2. Opto-transistors don't detect. Rob Paisley's writeups on his website are quite good. Review them to make sure everything is installed and powered correctly. The boards should work as supplied (mine did). If they don't, try hooking up an LED to read detector output, and fiddle with the opto-transistor position until it works correctly. Rob suggests installing the things in 3/16" holes below the roadbed, where a model freight car or the like will reduce light level enough to activate the circuit. You may have to adjust the position of the thing up or down a little. Heed my caution about trying to block light with your fingers. They give off infrared light, and will interfere with opto operation.

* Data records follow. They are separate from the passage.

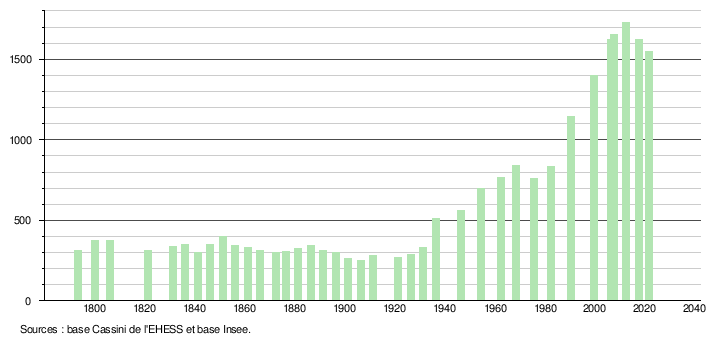 Sur la base de données empruntées, pour les années 1793-1999, au site du Laboratoire de Démographie et d'Histoire Sociale de l'EHESS, École des hautes études en sciences sociales; et, pour les années 2006 à 2021, au site de l'INSEE, Institut national de la statistique et des études économiques.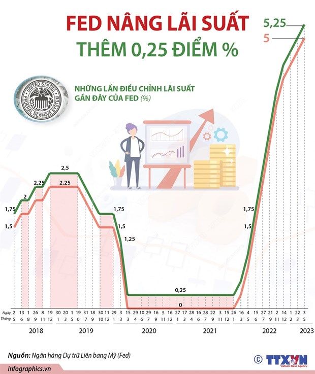 Ngày 3/5 (giờ địa phương), Ngân hàng Dự trữ Liên bang Mỹ (Fed) đã tăng lãi suất cho vay qua đêm thêm 0,25 điểm phần trăm, lên khoảng 5,00-5,25%.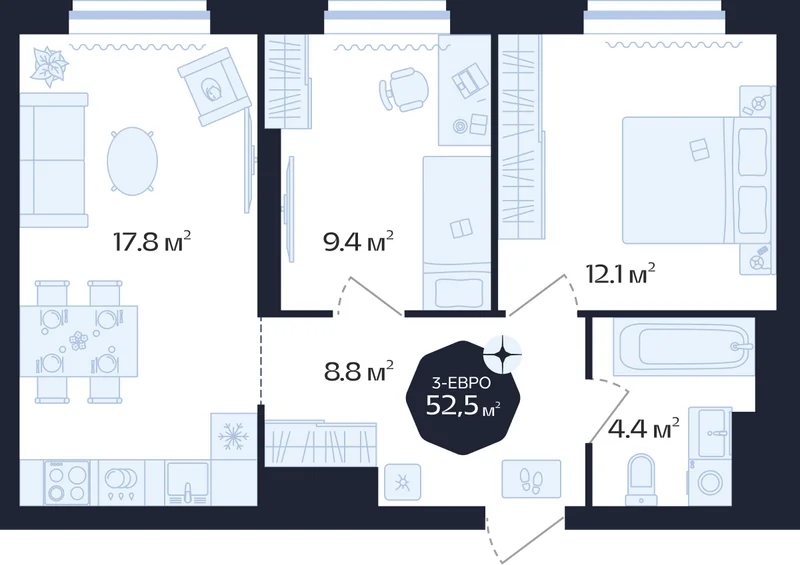 Площадь от 52 м²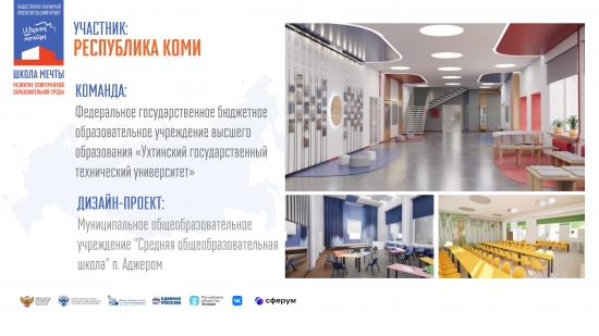 Напомним, что студенты УГТУ принимают участие в проекте второй год подряд. В прошлом году дизайн-проект получил одобрение Главы Республики. Ребята разработали дизайн Выльгортской средней общеобразовательной школы №2, в которой также воплотили свое видение современных пространств для учебы, развития и отдыха.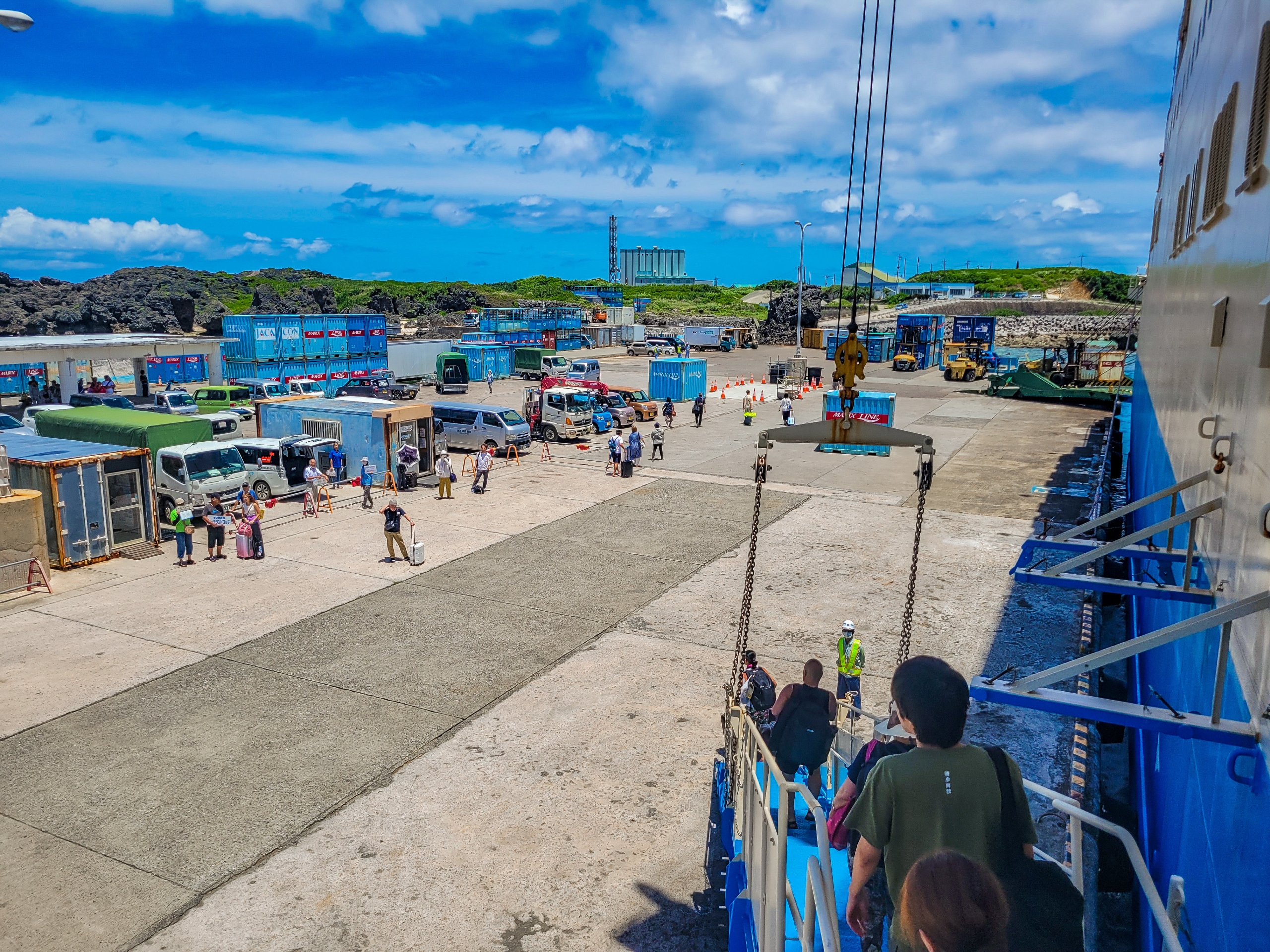 予定時刻の11時50分に与論島に到着。やはり昨年に比べてかなり観光客が多い。昨年は10人ぐらいしか降りなかったと思う。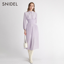 SNIDEL2022春夏新品优雅针织拼接收腰衬衫领雪纺连衣裙SWFO221202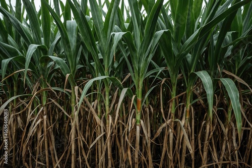 Detailed view of sugarcane stalks developing in a plantation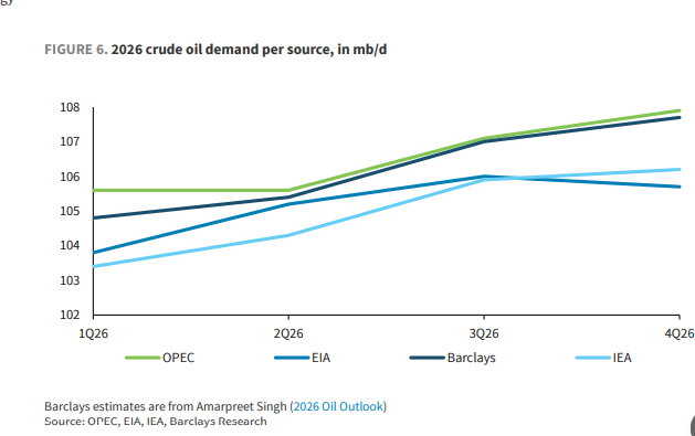 巴克莱指出,市场并非在“算错供给”,而是在系统性低估需求的绝对水平。不同机构对2026年原油需求的“起点”本身,差异就高达200万桶/日以上。所谓“缺失的桶”,并没有消失,而是被统计口径和数据滞后掩盖了。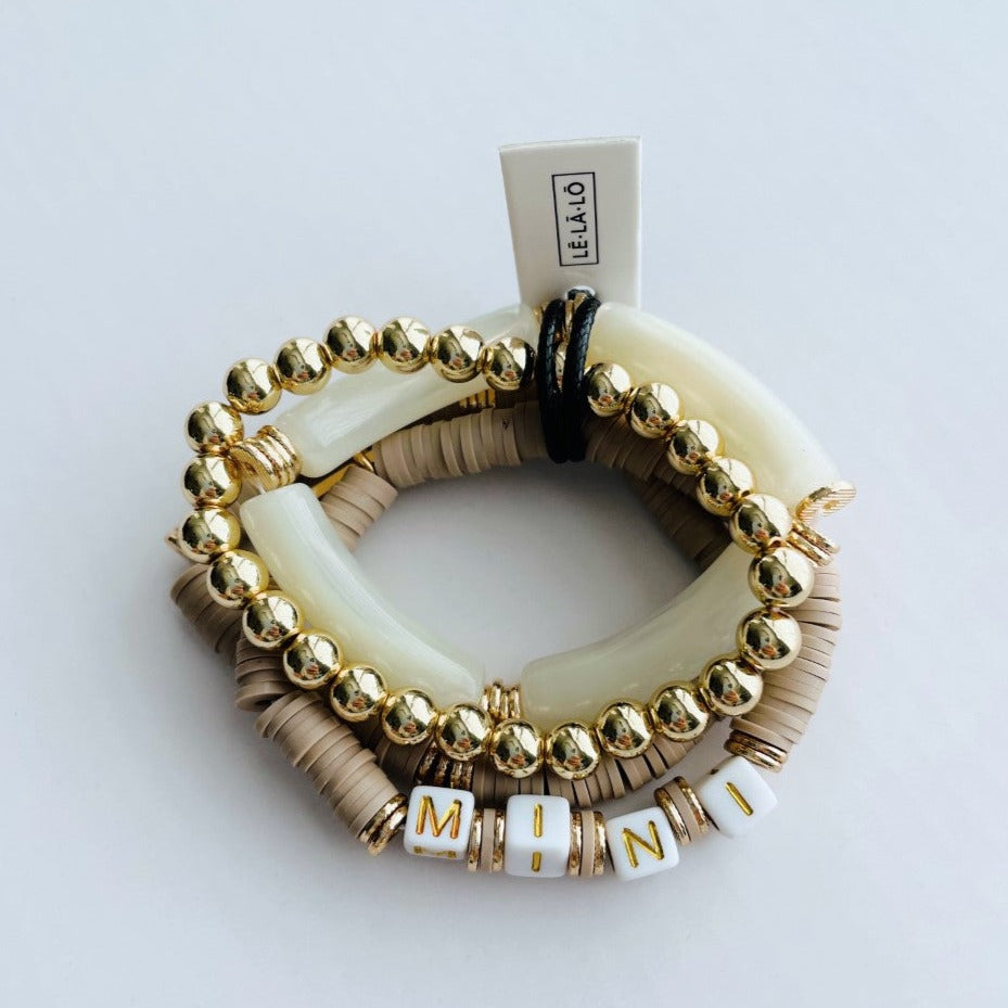 LeLaLo Mini Tubular Beaded Bracelet Set - Child Taupe

3. The expected LED doesn't turn on. Chances are good that there's an open circuit. Check your wiring. Places prone to error include a bad wire connection to the layout, a bad connection in one that pesky screw terminal hardware, and if nothing turns on, a wiring fault in the power supply to the cards. Dn't forget to turn the power on! (How many times have I done that?) A suggestion: using a power strip for the "whole shootin' match" really helps.

4. Unexpected LEDs turn on. Carefully document what's hooked up to what. It is easy to expect one detector to fire and actually fire a different one. I recommend drawing a diagram, similar to what I attached, to keep track of it all. Libre Office provides excellent tools.

5. One or more voltage converter output LEDs remain(s) dark. This may well be a programming error. Be sure to specify that the signal is input, and that all 8 signals in the channel are activated (0xFF for you hexadecimal fans).